---
layout: post
title:  "Stacking"
date:   2023-05-18 10:14:54 +0700
categories: MachineLearning
---

# TOC

- [Introduction](#intro)
- [Variants](#var)

# Stacked generalization

Stacking, also called stacked generalization, is one of the popular techniques of ensembling. Similar to bagging and boosting, stacking also combines prediction from multiple base models, trained on the same training set. The difference of stacking with bagging is that stacking uses many different machine learning model, instead of only decision tree. And then all the base models are trained on the training set, instead of sampling from those training set. The difference with boosting is that stacking uses a new model to combine the prediction, instead of predict the error of the previous model. In general, stacking is like a more sophisticated version of cross validation.

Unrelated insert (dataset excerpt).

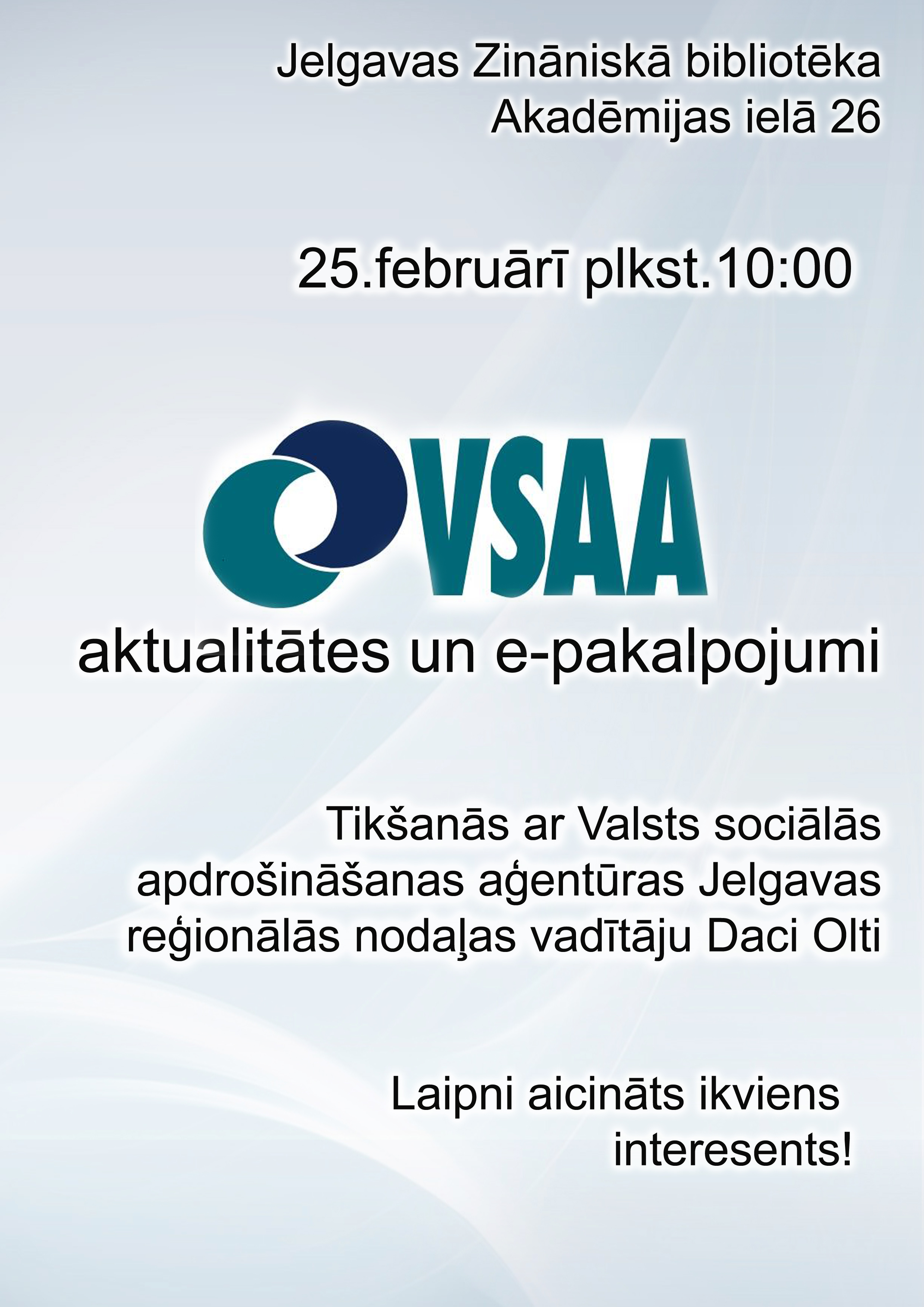 25.februārī pulksten 10:00 Jelgavas Zinātniskajā bibliotēkā tiksimies ar Valsts sociālās aģentūras Jelgavas reģionālā nodaļas vadītāju Daci Olti. Tikšanās tēma "VSAA aktualitātes un e-pakalpojumi". Laipni aicināts ikviens interesents!

A general stacking model includes two levels: base models and the meta model:

- Base model learns directly from the training set. The outputs would be used as input for the meta model. The base models can be any models: decision tree, SVM, neural network.. Since the way they learn are different, the outputs and errors are not correlated. To avoid overfitting, we can use k-fold cross validation technique.

- Meta models use the output of base models as their input and output a prediction, with respect to the labels of the problem. This is how the predictions of base models are combined. The meta models can be simple techniques: linear regression to output a real value for the regression task, and logistic regression to output a label probability for the classification task.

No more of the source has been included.